◆ TASK DIRECTIONS ◆
For this exercise, please return exactly the line containing "Oggi milioni di" and each line after it through the end of the records, with no pictures included.

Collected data
Segment Open

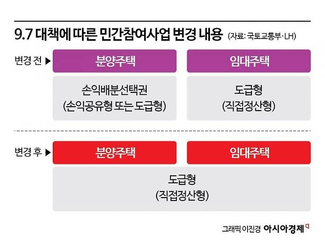민참은 LH가 민간 건설사와 공동으로 시행하는 사업으로 민간 기술력과 브랜드를 활용해 공공주택을 공급하는 방식이다. LH 아파트에 민간 브랜드가 들어간다. 기존에는 건설사가 '수익배분형'과 '도급형' 중 하나를 선택할 수 있었지만, 9·7 대책 이후 민참은 전면 도급형으로 바뀐다. 분양 수익을 나누는 수익배분형과 달리 도급형은 건설사에 시공이윤만 지급한다.
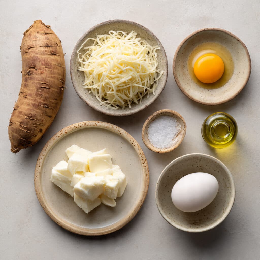 - Combine Ingredients: In a bowl, mix grated cassava, shredded cheese, egg, and salt until well combined.
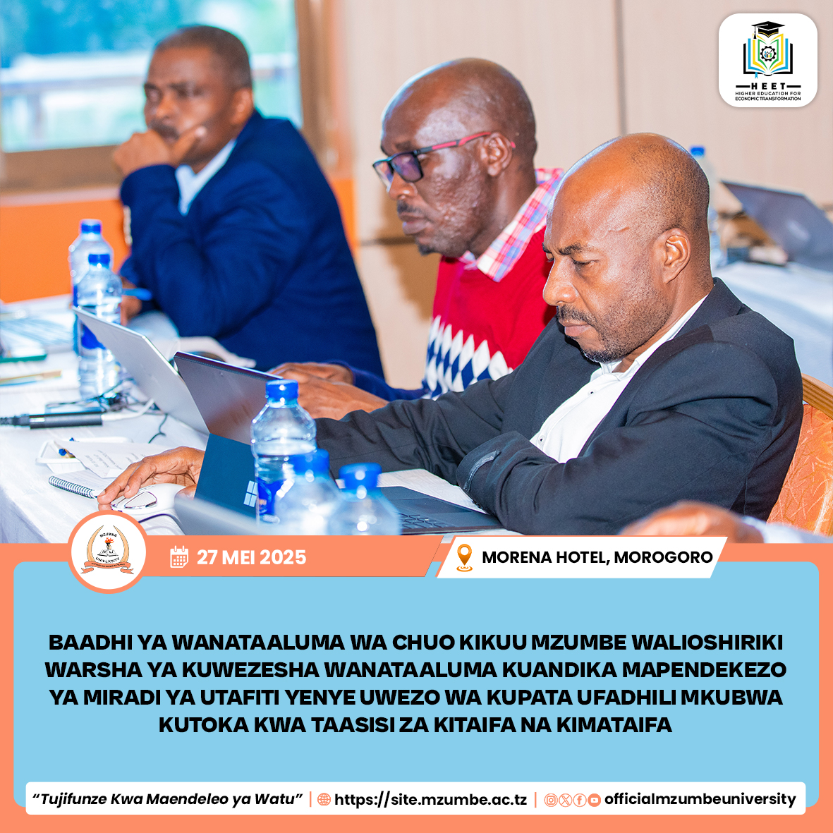 Chuo Kikuu Mzumbe kupitia Mradi wa Elimu ya Juu na Mageuzi ya Kiuchumi (HEET), kimeendesha warsha maalum ya siku mbili kuanzia tarehe 27 hadi 28 Mei 2025, Hoteli ya Morena yenye lengo la kuwawezesha watafiti na wahadhiri wake kuandika mapendekezo ya miradi ya utafiti yenye uwezo wa kupata ufadhili mkubwa kutoka kwa taasisi za kitaifa na kimataifa. Warsha hiyo imewaleta pamoja watafiti kutoka vitivo mbalimbali vya chuo hicho ili kuwajengea uwezo wa kitaalamu katika uandishi wa maombi ya ruzuku, mbinu za kutambua fursa za ufadhili, na jinsi ya kuandaa bajeti za utafiti zinazokidhi matarajio ya wafadhili. Akizungumza wakati wa ufunguzi wa warsha hiyo, Naibu Mratibu wa Mradi wa HEET Chuo Kikuu Mzumbe, Dkt.Lihoya Chamwali alisema kuwa warsha hii ni sehemu ya juhudi za chuo kuhakikisha kuwa tafiti zinazofanywa na watafiti wa Mzumbe zina mchango chanya katika maendeleo ya kijamii na kiuchumi kupitia matumizi ya ushahidi wa kisayansi. “Kupitia mradi wa HEET, tunalenga si tu kuimarisha miundombinu na mitaala ya elimu ya juu, bali pia kuwekeza kwa kiasi kikubwa kwa watafiti ili waweze kufikia viwango vya kimataifa katika ushindani wa ufadhili wa tafiti kubwa,” alisema Dkt. Chamwali. Naye, Kaimu Mkurugenzi wa Kurugenzi ya Utafiti, Machapisho na Masomo ya Uzamili Dkt. Nsubila Isaga, alisisitiza umuhimu wa uvumilivu na ustahimilivu katika mchakato wa kutafuta ufadhili wa tafiti. “Ni muhimu kuelewa kuwa si kila pendekezo la utafiti litapata ufadhili kwa mara moja. Lakini hilo halipaswi kuwakatisha tamaa watafiti. Endeleeni kujaribu, msichoke siku moja utafanikiwa. Wekeza muda wako katika kutafuta na kuboresha mapendekezo yako kila wakati,” alisema Dkt. Isaga. Kwa upande wake, Kaimu Mratibu wa Mradi wa HEET upande wa Kukuza Uwezo wa Utafiti na Ubunifu Tumishi, Prof. Mackfallen Anasel aliwashukuru waandaaji wa warsha hiyo kutoka Kurugenzi ya Utafiti, Machapisho na Masomo ya Uzamili (DRPS) pamoja na Mradi wa HEET kwa kufanikisha kwa ufanisi utekelezaji wa mpango mkakati wa Chuo Kikuu Mzumbe wa kuimarisha shughuli za utafiti. “Nawapongeza DRPS kwa kushirikiana na mradi wa HEET kwa kuandaa warsha hii muhimu inayotekeleza dhamira ya chuo ya kuhakikisha tafiti zinafanyika na kuleta matokeo chanya. Tafiti ni kichocheo kikubwa cha maendeleo, na zina faida kubwa siyo tu kwa chuo, bali pia kwa jamii na taifa kwa ujumla,” alisema Prof. Anasel. Mwezeshaji katika warsha hiyo, Prof. Frank Theobald aliwafundisha watafiti mbinu mbalimbali za kubuni na kuendesha tafiti zenye tija, zinazoweza kuleta mabadiliko chanya katika jamii. “Ni muhimu kwa watafiti kuelewa muktadha wa changamoto za kijamii na kiuchumi, na kutumia mbinu za kisayansi katika kutafuta majibu. Tafiti zenye tija huanzia kwenye wazo sahihi, muundo thabiti wa utafiti, na utekelezaji makini,” alisisitiza Prof. Theobald. Kwa kushirikiana na Mradi wa HEET, Chuo Kikuu Mzumbe kinaendelea kuwekeza katika maendeleo ya kitaaluma na kitaalamu ya watafiti wake ili kuhakikisha tafiti zinazofanyika siyo tu zenye ubora wa kimataifa, bali pia zinaakisi mahitaji ya maendeleo endelevu ya kijamii na kiuchumi.
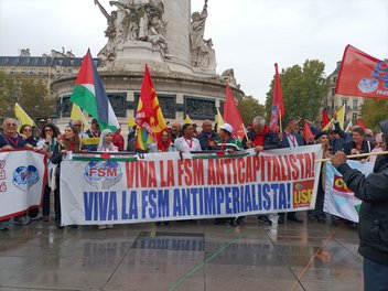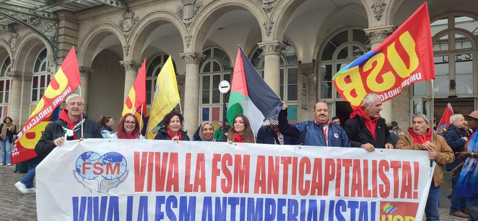 Oggi milioni di lavoratori lottano contro la guerra, per il popolo palestinese sotto le bandiere della FSM.
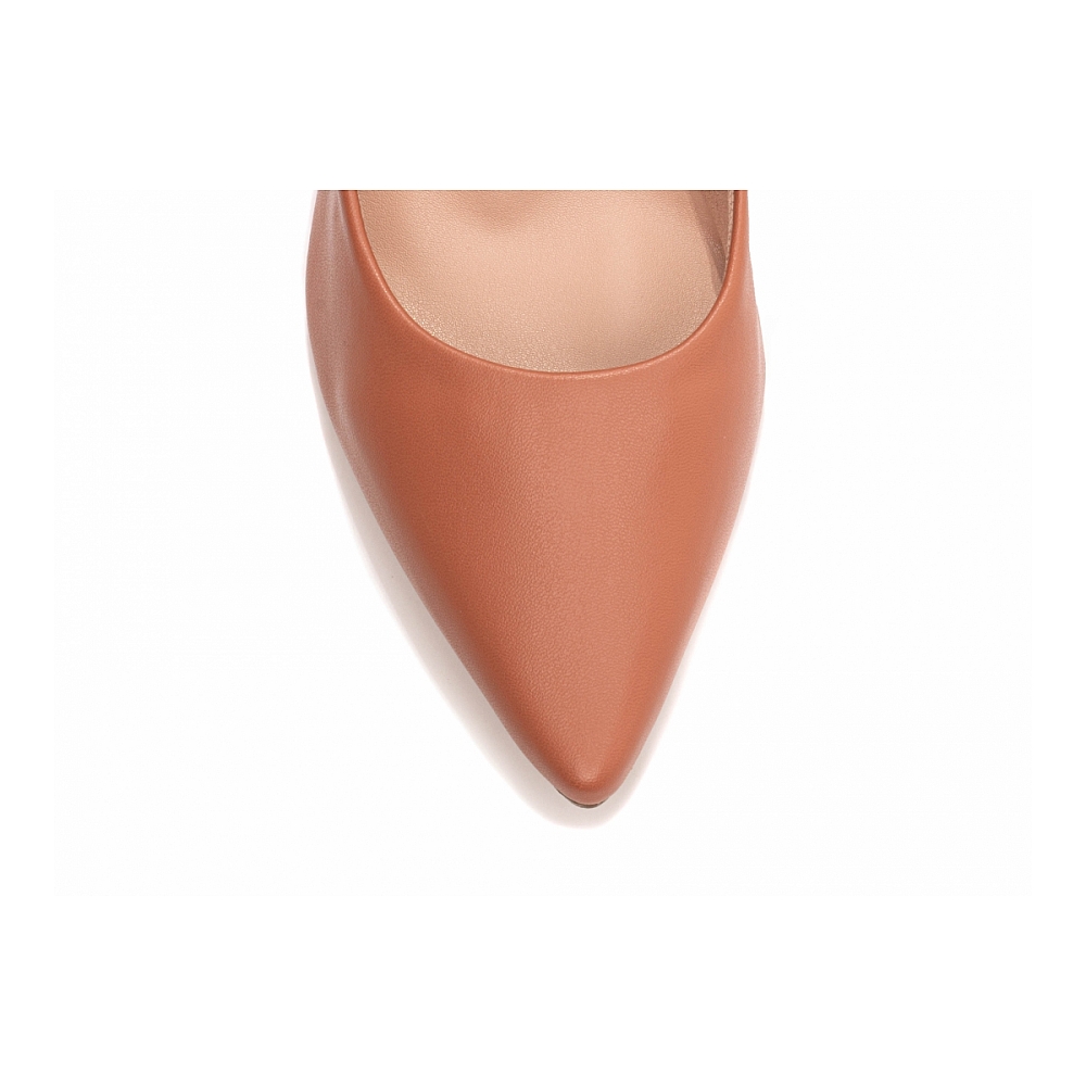 Material: Napa Caramelo; Palmilha: com 8 mm de Espessura, Espuma em EVA, e Taloneira Napa Bege; Forro: Cacharrel, material espumado para maior conforto, na cor Bege; Salto: 10 cm de Altura Pintado na Cor Caramelo; Solado de PVC antiderrapante na cor Bege.

Segment Closed

◆ YOUR RESPONSE ◆
 Oggi milioni di lavoratori lottano contro la guerra, per il popolo palestinese sotto le bandiere della FSM.
 Material: Napa Caramelo; Palmilha: com 8 mm de Espessura, Espuma em EVA, e Taloneira Napa Bege; Forro: Cacharrel, material espumado para maior conforto, na cor Bege; Salto: 10 cm de Altura Pintado na Cor Caramelo; Solado de PVC antiderrapante na cor Bege.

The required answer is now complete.